In the circumstances I did, with how young and broke I am, probably not. I think it was inevitable for me, because I really did need a lower cost of living to pursue my dreams and a life I wanted for myself.
Even if I didn’t land in this tiny home, I probably would have bought a motorhome or an RV and ended up living in a trailer park. I didn’t enjoy doing it, but I think there’s something incredibly intimately human about building a shelter that you occupy. Caveman brain go ooga booga.
In the future, in a better financial circumstance, I would love to hire out a tiny house builder to build me this tiny house, from Shaye’s. My dream is to buy a foreclosed piece of property and eventually build a second tiny house, or contract someone to do it. I don’t think I would do it soon, but maybe in 4–5 years.

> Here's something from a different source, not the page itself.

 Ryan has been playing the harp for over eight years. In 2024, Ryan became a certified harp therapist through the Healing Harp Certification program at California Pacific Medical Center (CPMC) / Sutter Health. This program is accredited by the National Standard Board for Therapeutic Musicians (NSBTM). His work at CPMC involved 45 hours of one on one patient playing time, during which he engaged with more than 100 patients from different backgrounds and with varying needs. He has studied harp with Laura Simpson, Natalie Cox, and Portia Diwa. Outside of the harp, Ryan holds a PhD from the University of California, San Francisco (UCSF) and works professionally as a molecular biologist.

That being said, my boyfriend is 6’3 and I’m wanting us to move in together at some point in the future. He will not fit into this tiny house built for 5'2 me comfortably. I probably need to make a lot of changes to this tiny house (like adding a bump out bedroom), or to build a new one. So, I’m already setting towards a life that will have me outgrow it.
What’s next?
In somewhat of an order,
- Fixing my door (cost: mental sanity)
- Getting my mini split installed (I already have one, I’m just lazy and don’t want to pay for an AC gauge) (approx $70)

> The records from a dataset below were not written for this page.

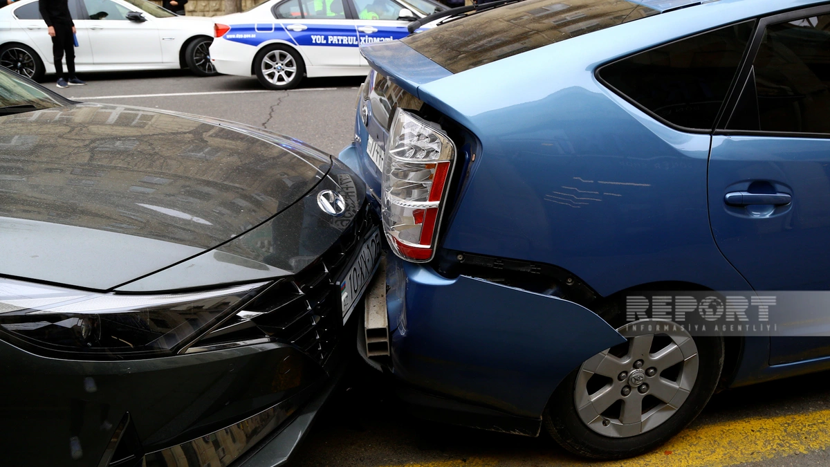 Belə ki, hərəkətdə olan "Toyota Prius" markalı avtomobil idarəetmədən çıxıb və yolun kənarında dayanmış "Hyundai Elantra" markalı maşına çırpılıb. "Hyundai Elantra" markalı avtomobil isə qarşıda dayanmış "Toyota Prius"la toqquşub. Həmin maşın isə digər "Hyundai Elantra" markalı avtomobilə çırpılıb.
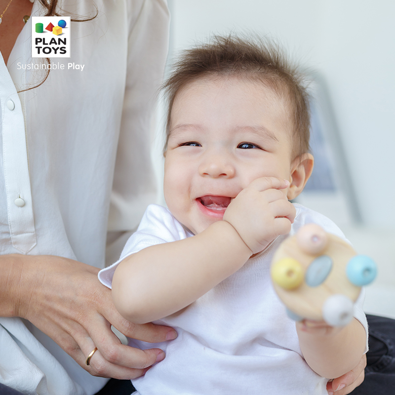 PlanToys Bell Rings Makaron Solid Wood Children Newborn Baby Hand to Pass and Kind Toys
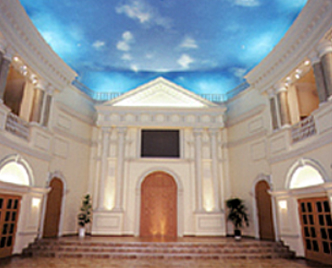 朝焼けから夕焼けまでドーム型天井に描かれた空がライティングによって情景が変わる憩いの場。広場を囲むように天然温泉やお茶のみ処があり、自由に過ごすことができます。

- Adding skirting for the Washington winter (approx $300)
- Adding a closet so I don’t just have my clothes all over the floor (approx my mental sanity)
- Installing LVP flooring (approx $600 in materials)

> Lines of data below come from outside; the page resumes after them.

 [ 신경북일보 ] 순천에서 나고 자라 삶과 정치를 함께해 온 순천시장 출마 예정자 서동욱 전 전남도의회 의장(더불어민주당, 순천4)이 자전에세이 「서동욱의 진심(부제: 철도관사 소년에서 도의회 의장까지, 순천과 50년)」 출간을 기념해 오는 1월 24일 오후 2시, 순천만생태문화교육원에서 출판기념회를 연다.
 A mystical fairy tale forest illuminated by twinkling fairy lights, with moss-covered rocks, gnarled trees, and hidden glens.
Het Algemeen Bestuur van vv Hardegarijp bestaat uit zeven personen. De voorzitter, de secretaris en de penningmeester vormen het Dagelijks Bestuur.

- Getting a TV (I’m sorry it’s boring without one, approx $200)
- Adding more wooden paneling outside to cover muriatic acid damage from the previous owner. I might fully paint the outside, because the shell is very damaged. It’s a 1975, so it has about 50 or less years of damage, scratches, and roughness that are still visible. It looks dated in a cool way, but it also makes me feel very broke and the last thing I need is to feel that more (approx $100)
- Finishing up random carpentry projects, adding trim to my doors, light switches, molding, lighting for bedroom and kitchen, adding a box around my residential fan (approx $500)
- Redoing my RV shower (approx $600–1000)
On the state of tiny houses
I feel a lot of the true spirit of tiny homes has been lost in the mass commoditization. The tiny houses we see now are not handmade projects of passion, but rather highly polished and produced mini-homes on a trailer with all of the amenities you could come to expect from a full-sized home.
Although I hated the process, it feels really similar to what others have shared about their build: it was flying by the seat of their pants, just trying to use whatever leverage they had to build the lives they want.
As a result of the mass-market appeal of tiny houses, a lot of the prices of tiny house adjacent products have become more expensive. Shipping containers and school buses in particular, are areas that I can point to. The broad dream of tiny houses, has in a way, ruined the true essence of their appeal: the cheap price to the live you want.
I was super lucky to have found the shell that would become my tiny house. It had extensive water damage, was a vintage sheriff’s trailer / weed den, and needed a complete subfloor perimeter rebuild and everything ripped out. But comparable Airstreams or other aluminum body shells would probably run 6k-15k depending on the condition.
I did just want to acknowledge in a sense that this journey was easier for me than it might be for many other people because of the initial price. I spent months scouring Craigslist, from California to Oregon to Washington, to end up with what I did.
And I haven’t seen anything similar since, although I still go and look. So, I am incredibly fortunate to have the timing I did and to have a dad who would also pick up a vintage road hazard for me.
Closing
Tiny houses have become an incredibly hot topic recently. So, I just wanted to throw in my experience of what it was like for me. There was somethings I definitely didn’t expect, and others that I did. But overall, people can say I didn’t build a GOOD tiny house, but they can’t say I never built A tiny house.